O Beato Carlos de Foucauld nasceu em 1858, no mesmo ano das aparições de Lourdes. Não distante do seu corpo hirto pela morte foi encontrada, como o grão de trigo lançado na terra, a lúnula que continha o Santíssimo Sacramento, que Frei Carlos adorava todos os dias durante longas horas. O Padre Foucauld confia-nos a oração que brota da intimidade do seu coração, uma oração dirigida ao nosso Pai, mas que, juntamente com Jesus, podemos com toda a verdade fazer nossa diante da Hóstia Sagrada:

«“Meu Pai, nas vossas mãos entrego o meu espírito”.

É a última oração do nosso Mestre, do nosso Amado...

Possa tornar-se a nossa, e que seja não apenas a do nosso último instante, mas também a de todos os nossos momentos:

Meu Pai, entrego-me nas vossas mãos; meu Pai, confio-me a Vós; meu Pai, abandono-me a Vós; meu Pai, fazei de mim o que quiserdes; seja o que for, eu Vo-lo agradeço: obrigado por tudo; estou pronto para tudo, aceito tudo; agradeço-Vos tudo. Contanto que a vossa vontade se cumpra em mim, ó meu Deus, contanto que a vossa vontade se cumpra em todas as vossas criaturas, em todos os vossos filhos, em todos aqueles que o vosso Coração ama, eu nada mais desejo, meu Deus; entrego a minha alma nas vossas mãos; dou-Vo-la, meu Deus, com todo o amor do meu coração, porque Vos amo, e é uma necessidade do meu coração dar-me, entregar-me nas vossas mãos sem medida, com confiança infinita, porque Vós sois o meu Pai» (Meditação sobre os Santos Evangelhos).

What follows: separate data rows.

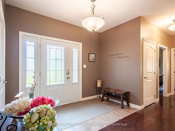 Welcome to this beautiful 3+1 bedroom, 2.5 bathroom, spacious bungalow with attached double car garage on a beautiful level lot. Built in 2014, this one owner country home has been immaculately cared for inside and out. The main floor offers a spacious foyer leading into the open concept living area with a large and bright living room with tray ceiling and beautiful hardwood floors. Dining area with direct access to the covered back deck overlooking the private yard. Stunning custom kitchen the true heart of the home featuring a large island, bar seating, granite counters and ample cabinet space. Main floor primary suite with 4pc ensuite and walk-in closet. 2 further good sized bedrooms and a convenient laundry/mudroom with direct access to the insulated double car garage. The lower level is fully finished with a large rec room ideal for entertaining and space for a home gym etc. 4th bedroom, 2pc bath, office, storage room and utility room. There is ample space for the whole family! The exterior offers plenty of parking, storage shed and wood shed and room for kids or pets to play. Walking distance to 18 hole Laurentide Golf Course and a short drive to all area amenities including regional hospital, schools and so much more!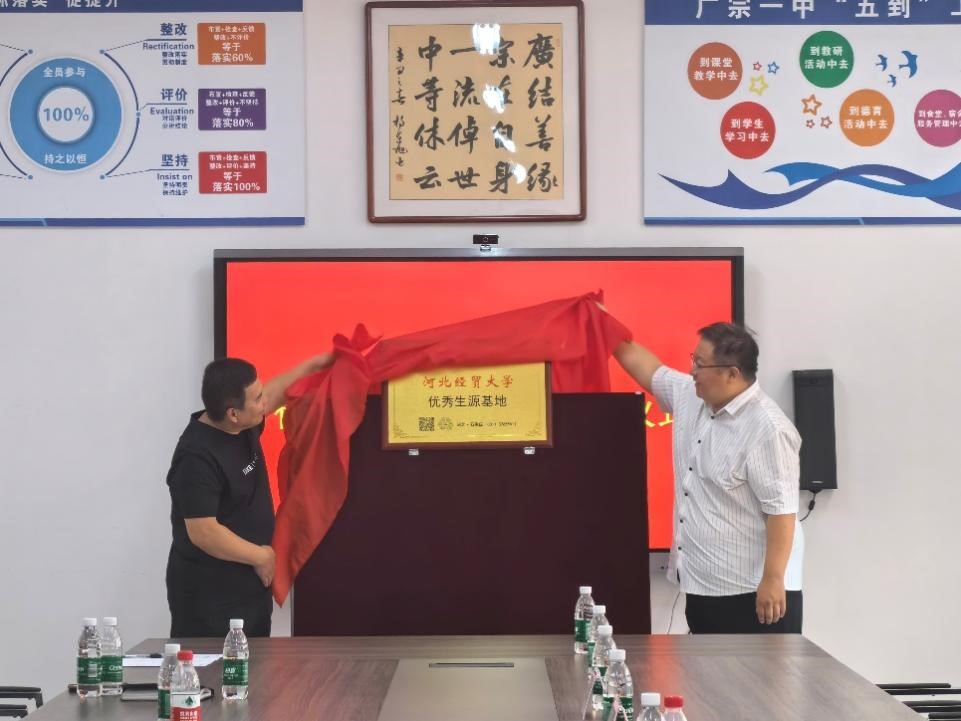 刘振滨对广宗县第一中学的热情接待表示感谢,并介绍了太阳成集团tyc33455ccwww和太阳成tyc33455cc的办学历史、人才培养、优势学科、师资力量以及主要专业情况。他希望能进一步加深了双方的交流合作,携手共促人才培育工作再上新台阶。同时,受我校教务处委托,与广宗县第一中学签署了“优质生源基地”协议并进行基地授牌仪式。
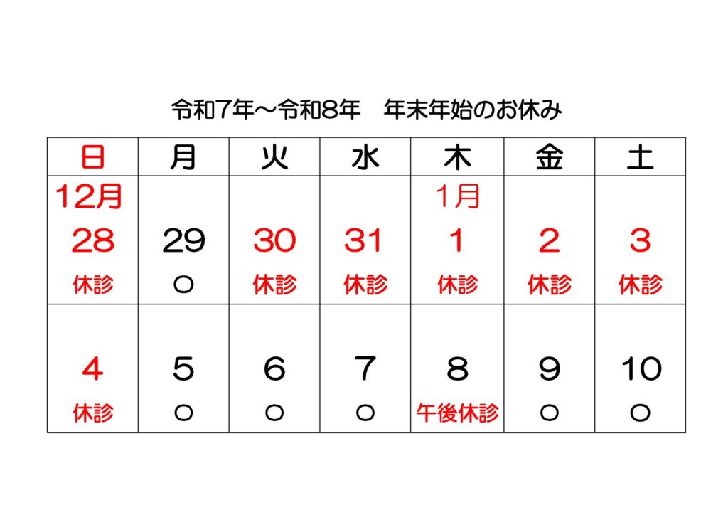 令和7年~令和8年 年末年始につきまして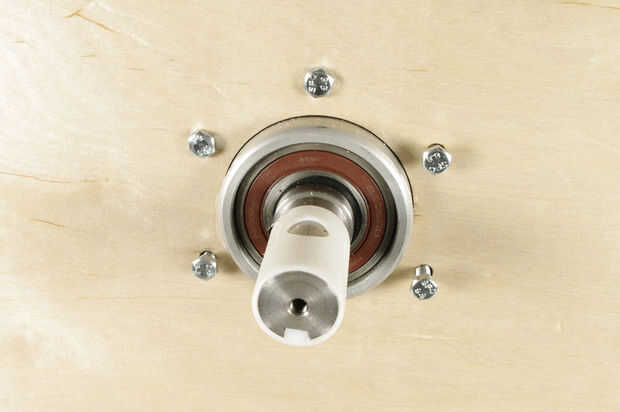 Descargar e imprimir el espaciador de plástico adjuntado. Esto está diseñado para llenar la brecha entre el diámetro interno de la brida de montaje de la rueda y el diámetro del eje. Esto debe proporcionar un agradable presione ajustado entre las dos partes y mantener la rueda centrada.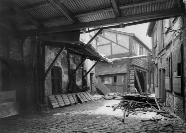 Rødfyllgata 20, Oslo 1954. Under riving. Gårdsrom sett fra under tak, mot øst.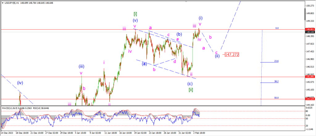 Watch for wave (ii) to turn lower and drop towards the 147.00 level over the next few days.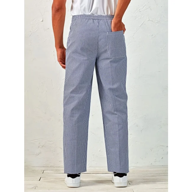 65% poliestere, 35% cotone. Pantaloni da chef in tessuto easy care, vita elasticizzata, taglie unisex, tasca posteriore applicata, chiusura lampo. Lavabile a 60°C.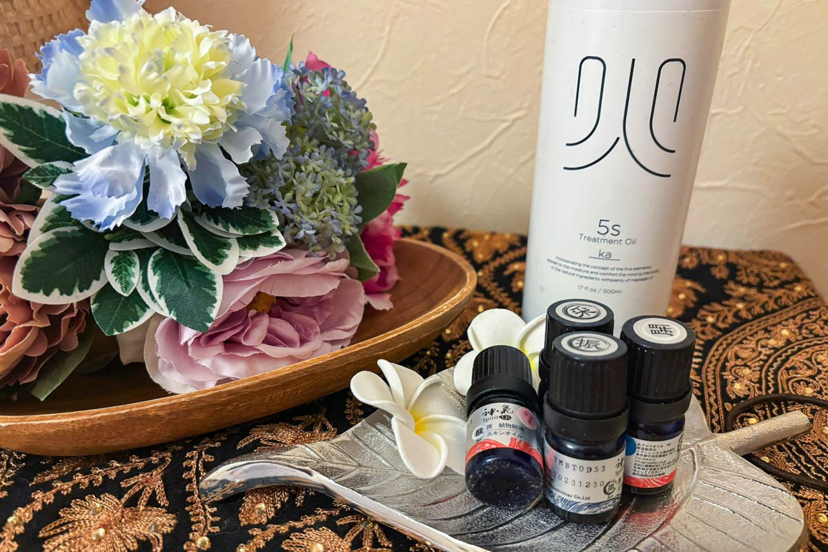 アロマトリートメントには100%の精油と天然のオイルを使用しているので心身のリラックスやストレス軽減効果を期待できる。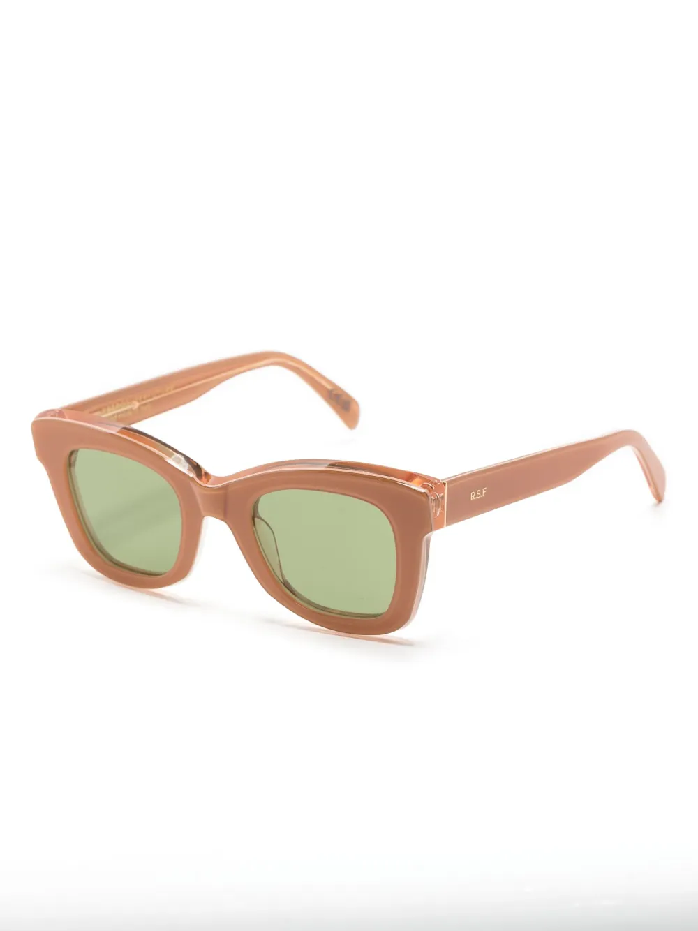 licht roze acetaat vierkant montuur groengetinte glazen glazen met UV-bescherming schildpad montuur goudkleurig materiaal logo bedrukt pootje rechte pootjes gebogen uiteinden Deze bril wordt verkocht met een beschermhoes.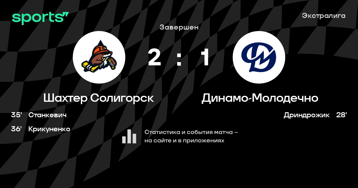 В прошедшем матче в рамках турнира Экстралига состоялась встреча команд Шахтер Солигорск - Динамо-Молодечно в городе Солигорск (Беларусь) на стадионе Ледовый дворец спорта Солигорск (вместимость - 1800)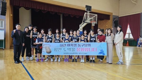 한편 대전서부교육지원청과 업무협약을 통해 학교운동부를 지속적으로 지원하고 있는 헐커스주식회사는 최근 상승세를 타고 있는 여학생 농구팀의 힘찬 도약을 기원하며 스포츠 컨디셔닝용품 등을 학생들에게 전달하고 격려했다.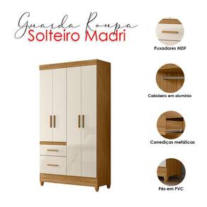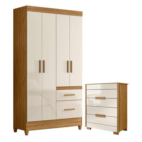 Guarda Roupa Solteiro Madri e Cômoda Dhara Freijó Off White – Moval
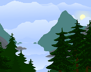 2d Pixel Art background for forest / mountain / fjord nature levels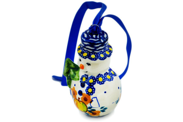This Apple 4" Snowman Ornament was handmade and hand decorated in Boleslawiec, Poland by skilled artisans according to old traditional methods. This is a Polish pottery Signature Unikat, which means that it has been hand painted with both sponges and brushes and it is signed by the artist who painted it. Unikat pieces are the most intricate works of art. Larger Unikat items take hours of very careful work to finish. This Polish stoneware is microwave, dishwasher, freezer, and oven safe up to 480°F. It does not contain lead or cadmium. It is part of the Apple Collection.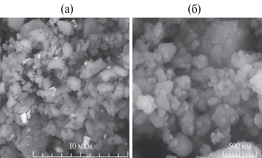 Согласно данным электронной микроскопии (рис. 2), исходный измельченный в агатовой ступке образец сфалерита, не подвергнутый механоактивации, является полидисперсным, размер его частиц составляет менее 15 мкм. Механоактивация сфалерита в течение 1 мин (рис. 3а) значительно уменьшает (до 1–3 мкм) размер частиц, форма которых становится более округлой. Увеличение продолжительности механоактивации до 16 мин приводит к еще большему измельчению частиц, размер которых колеблется в пределах 46–115 нм, а средний размер в поле зрения микроскопа составляет 79 нм (рис. 3б). В целом механоактивация приводит к диспергированию сфалерита и образованию агломератов различных размеров. Согласно элементному анализу, состав некоторых частиц механоактивированного сфалерита близок к формуле Zn1.08Fe0.07S, тогда как исходный минерал отвечал формуле Zn0.96Fe0.04S [20], что указывает на возможное выделение серы из образца в результате его измельчения. Уменьшение соотношения Zn/Fe в активированном сфалерите, по-видимому, объясняется частичным образованием сульфатов цинка на его поверхности. Подобное изменение соотношения Zn и Fe выявлено при механоактивации сфалерита авторами [10].

Amados irmãos e irmãs, peregrinos de um dia e habitantes destes vales, irmãos Bispos, sacerdotes, diáconos, religiosos, religiosas, vós todos que vedes diante dos vossos olhos a humilhação infinita do Filho de Deus e a glória infinita da ressurreição, permanecei em silêncio e adorai o vosso Senhor, o nosso Mestre e Senhor Jesus Cristo. Permanecei em silêncio, depois falai e dizei ao mundo: não podemos calar mais aquilo que sabemos. Ide contar ao mundo inteiro as maravilhas de Deus, presente em cada momento das nossas vidas, em todos os lugares da terra. Que Deus nos abençoe e proteja, nos conduza pelo caminho da vida eterna, Ele que é a Vida, pelos séculos dos séculos. Amen.